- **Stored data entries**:
========================================================================

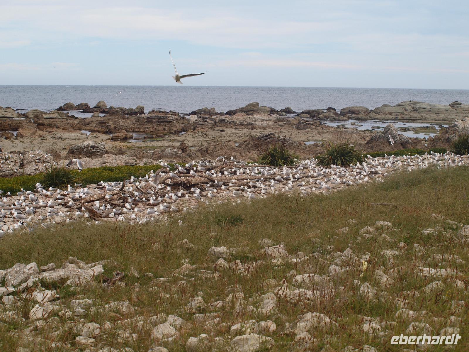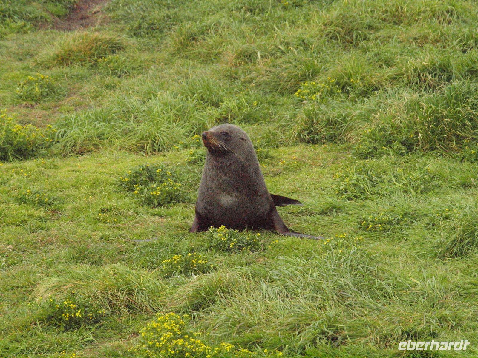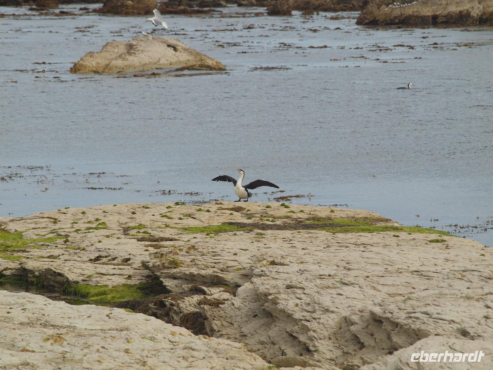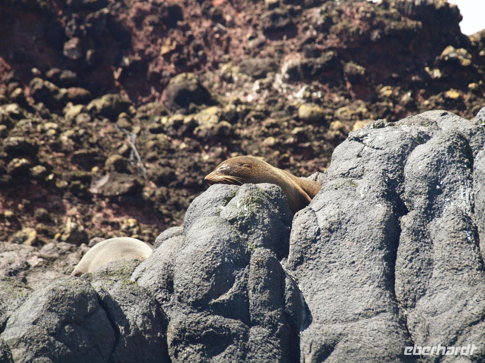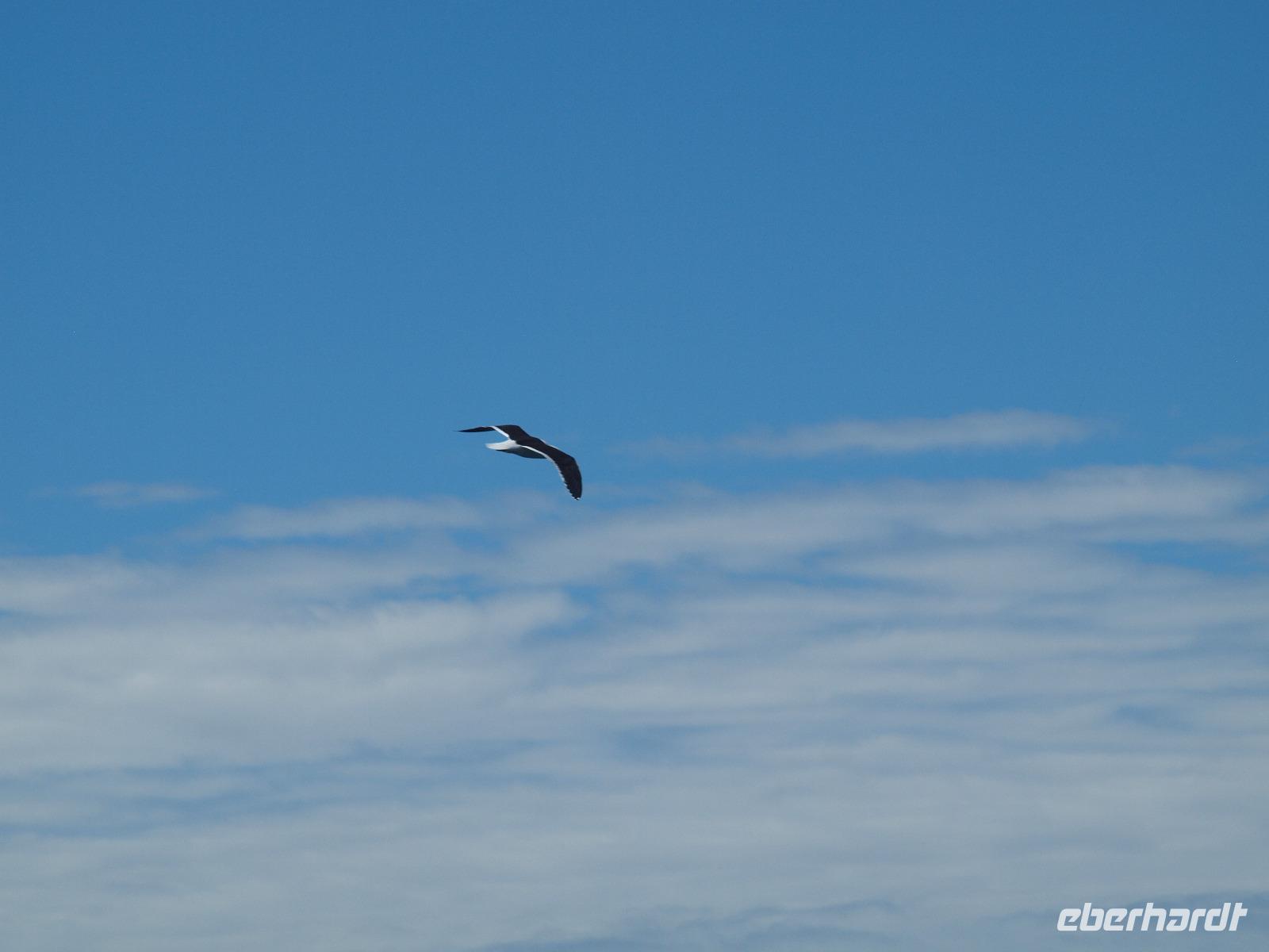 Nach dem Besuch der Pinguine fahren wir nur wenige Meter wieder die Strecke die wir gekommen sind zurück und gehen an Bord der Monarch. Das kleine Boot bringt uns hinaus auf die weite See. Ziel dieser Unternehmung ist es, den großen Königsalbatrossen etwas näher zu kommen. Natürlich sehen wir auch wieder ein paar Seelöwen, die sich genüsslich in der Sonne ausruhen. Unser Skipper Buddy nimmt dann Kurs auf einen im Wasser schwimmenden Albatros und versucht mit uns so nah wie möglich an ihn heranzukommen, doch dieser entscheidet sich lieber für die Flucht und fliegt davon. Während Buddy weiter nach den großen Vögeln Ausschau hält entdeckt sein Kollege Jürgen ein paar kleine Blaupinguine im Wasser. Die kleinen Kerlchen sind anscheinend dabei sich ihre Fische fürs Mittagsessen zu fangen. Und wieder nimmt Buddy Kurs auf einen Albatros. Zwischendurch kreuzen auch ein paar andere Seevögel unseren Weg, wie zum Beispiel die allgemein gut bekannte Seemöwe. Und gerade als wir uns auf den Rückweg machen wollen fliegt doch tatsächlich noch ein Königsalbatros an uns vorbei, Glück gehabt! Auf dem Weg zur Anlegestelle fahren wir auch wieder an den steilen Felswänden vorbei. Hier haben sich inzwischen auch drei Albatrosse niedergelassen, ein weiteres Mal Glück gehabt!
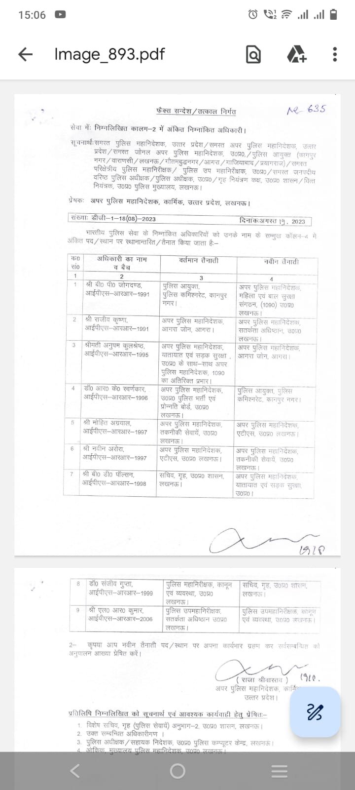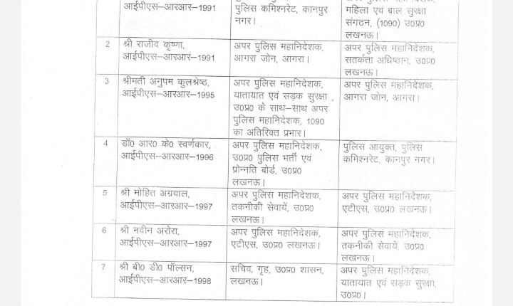 लखनऊ: UP मे 9 IPS अफसरों के ट्रांसफर कानपुर के पुलिस कमिश्नर बीपी जोगदण्ड हटाये गए 1090 के ADG बने बीपी जोगदण्ड ADG आगरा रहे राजीव कृष्णा को ADG सतर्कता अधिष्ठान भेजा गया ADG अनुपम कुलश्रेष्ठ को ADG आगरा भेजा गयाआर0 के0 स्वर्णकार को कानपुर का पुलिस कमिश्नर बनाया गया मोहित अग्रवाल को ADG ATS बनाया गया नवीन अरोड़ा को ADG टेक्निकल सर्विसेज बनाया गया बी0डी0 पाँल्सन को ADG ट्रैफिक बनाया गया डॉ संजीव गुप्ता को गृह सचिव उ0प्र0 शासन बनाया गयाएल0 आर0 कुमार को DIG लॉ एंड आर्डर यूपी बनाया गया |
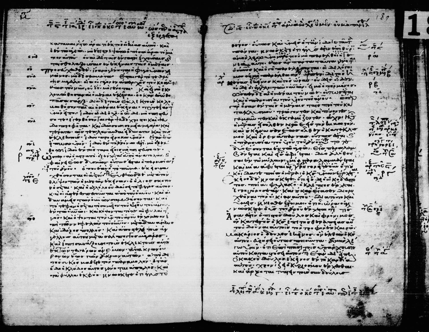 Twelfth century minuscule of the Gospels, Apostolos, and Paul on parchment; 297 leaves, single column, 38 lines per column. Digital images are from microfilm.
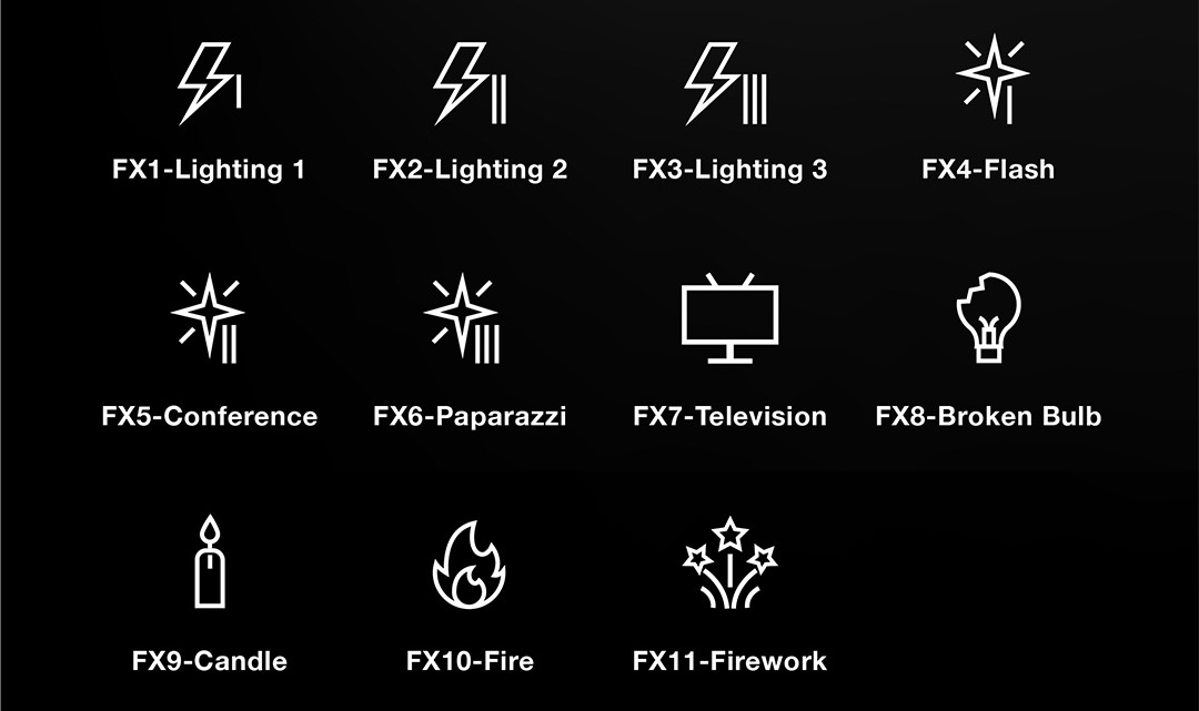 SL100Bi підтримують 11 режимів світлових спецефектів, які дозволяють легко імітувати різні сцени з життя.
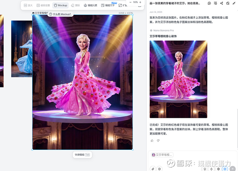今晚用Lovart给4岁小女儿自己思考和讲出来的提示词画了几幅冰雪奇缘艾莎的图片,确实非常好用,大模型对语言的理解和刻画都比较在线,审美也很好。不知道这么多AI生成类创意工具实际上是否都在冲击adobe的护城河,感觉真的有些担忧。$Adobe(ADBE)$
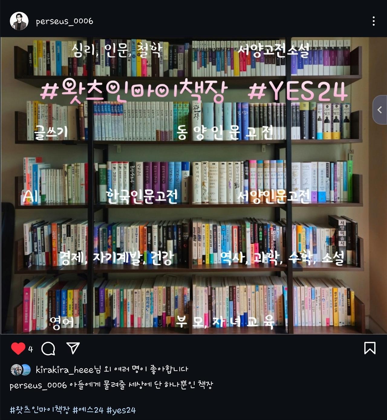 이런 상황에서 얼마 전 예스 24에서 재미있는 이벤트를 진행한다는 사실을 알게 되었습니다. 자신의 책장 사진을 올리는 이벤트였는데요.
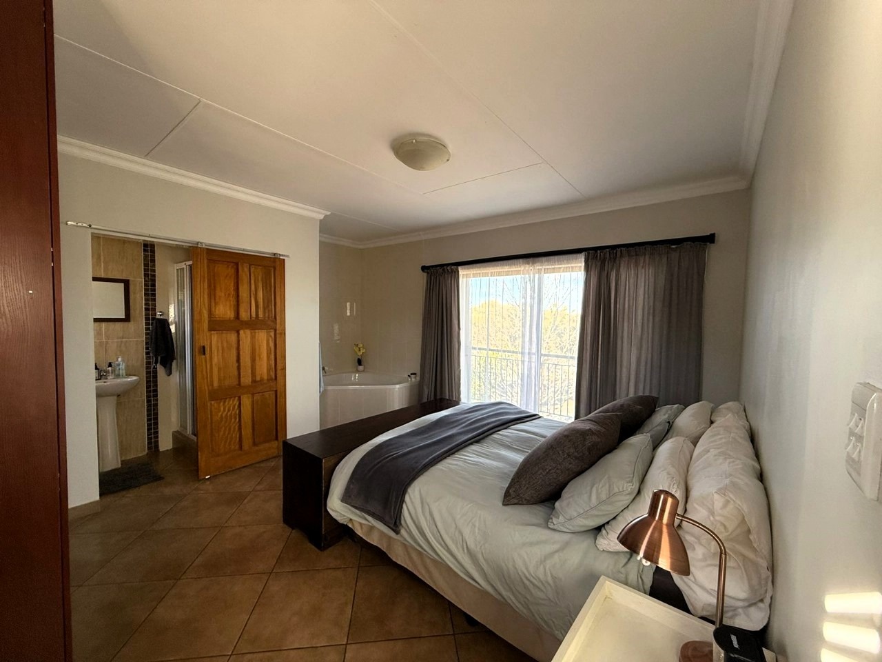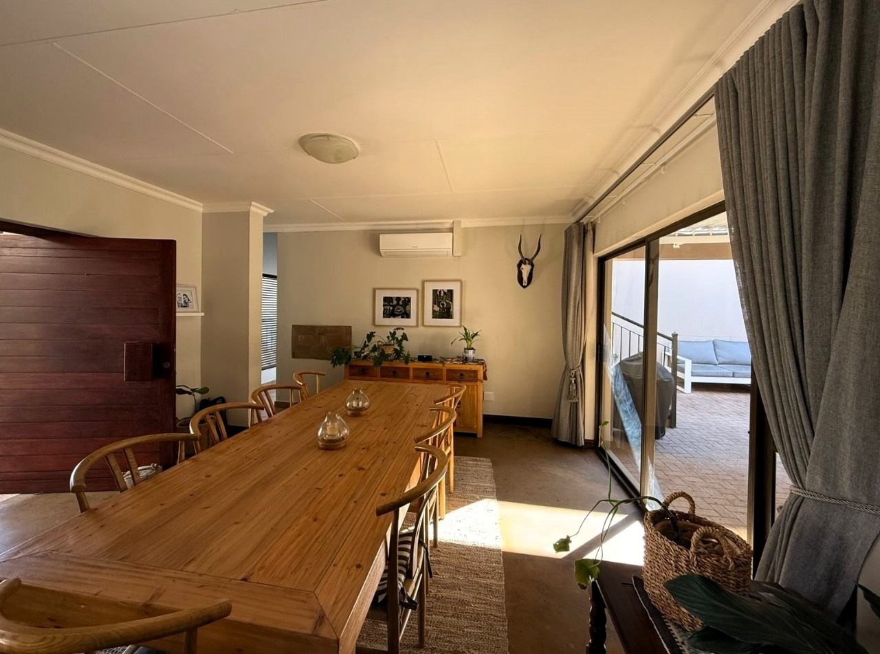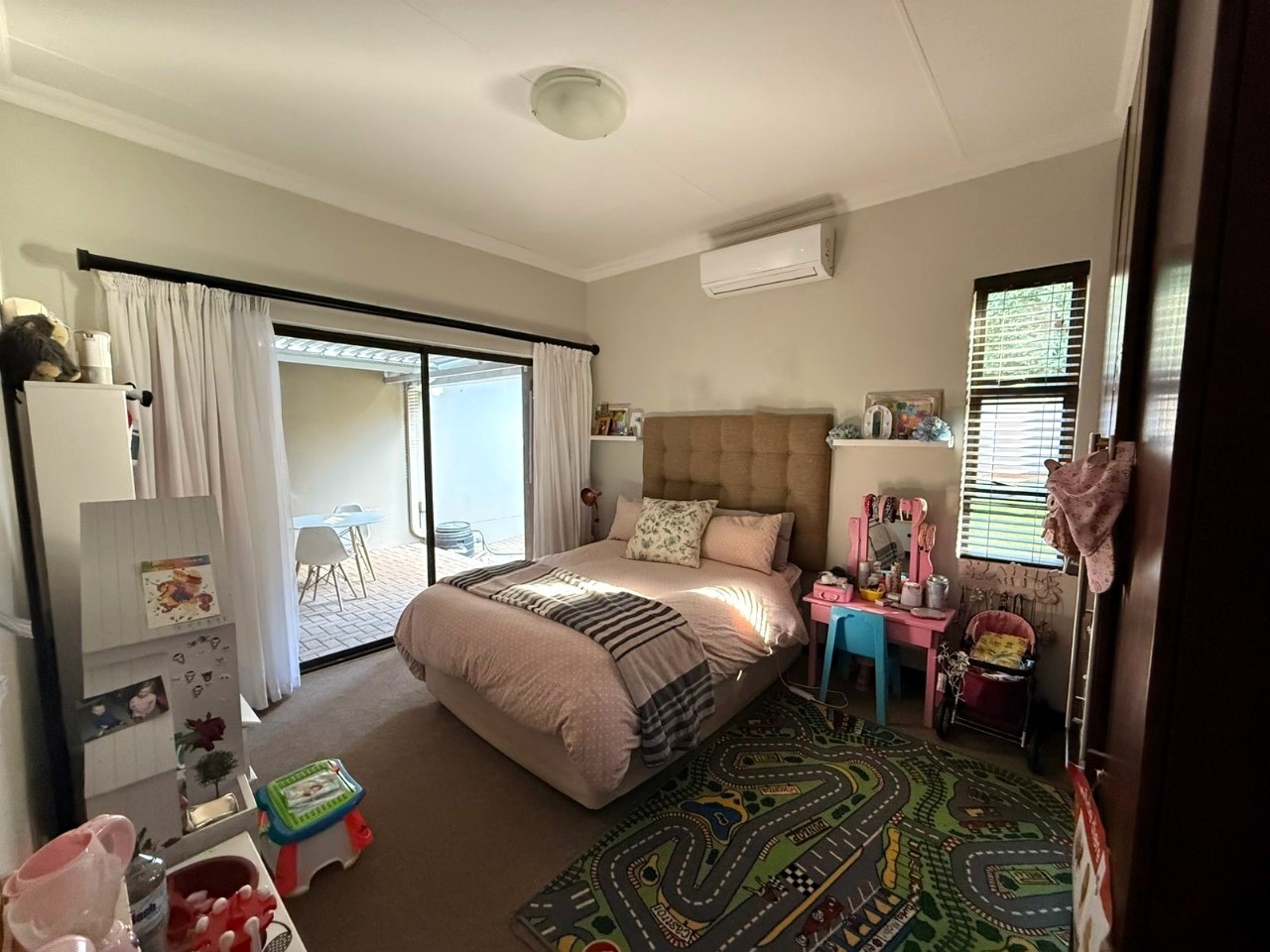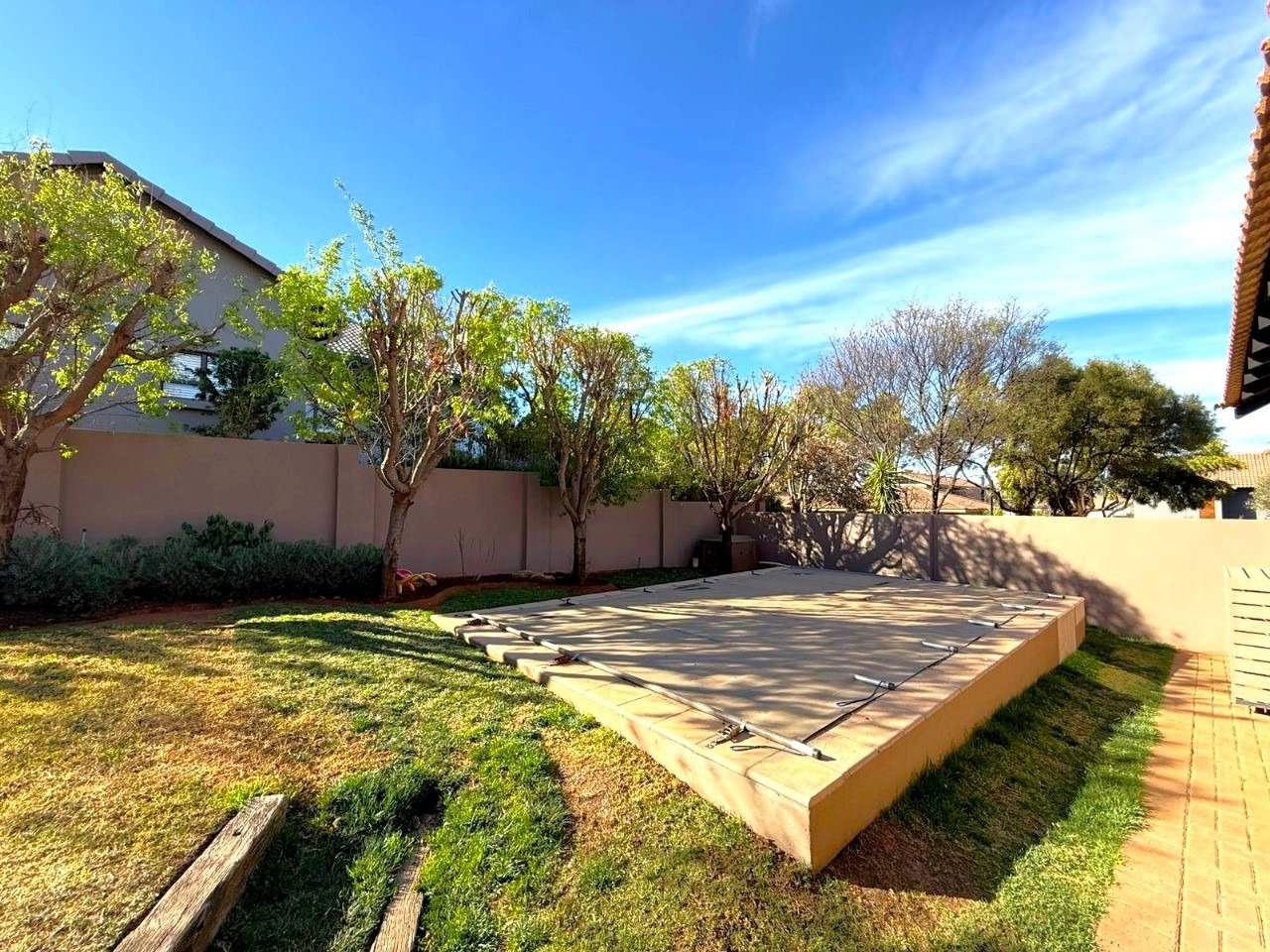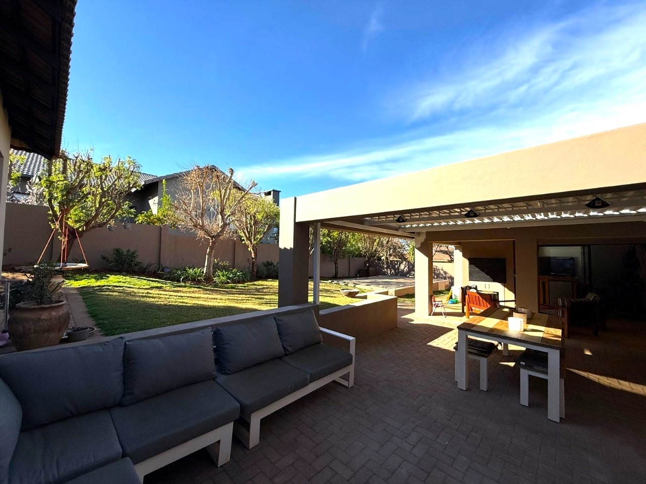 The open-plan kitchen, dining, and living area forms the heart of the home, complemented by a large scullery with space for all appliances. Sliding doors lead to a stylish braai area with an adjustable louvre roof, overlooking the pool and garden—perfect for entertaining.

========================================================================

- **Task objective**: Only the lines from the one containing "SL100Bi підтримують 11" through the last line of the data above, both included, belong in the reply, each restated exactly and without pictures.

- **Response to this exercise**:
 SL100Bi підтримують 11 режимів світлових спецефектів, які дозволяють легко імітувати різні сцени з життя.
今晚用Lovart给4岁小女儿自己思考和讲出来的提示词画了几幅冰雪奇缘艾莎的图片,确实非常好用,大模型对语言的理解和刻画都比较在线,审美也很好。不知道这么多AI生成类创意工具实际上是否都在冲击adobe的护城河,感觉真的有些担忧。$Adobe(ADBE)$
 이런 상황에서 얼마 전 예스 24에서 재미있는 이벤트를 진행한다는 사실을 알게 되었습니다. 자신의 책장 사진을 올리는 이벤트였는데요.
 The open-plan kitchen, dining, and living area forms the heart of the home, complemented by a large scullery with space for all appliances. Sliding doors lead to a stylish braai area with an adjustable louvre roof, overlooking the pool and garden—perfect for entertaining.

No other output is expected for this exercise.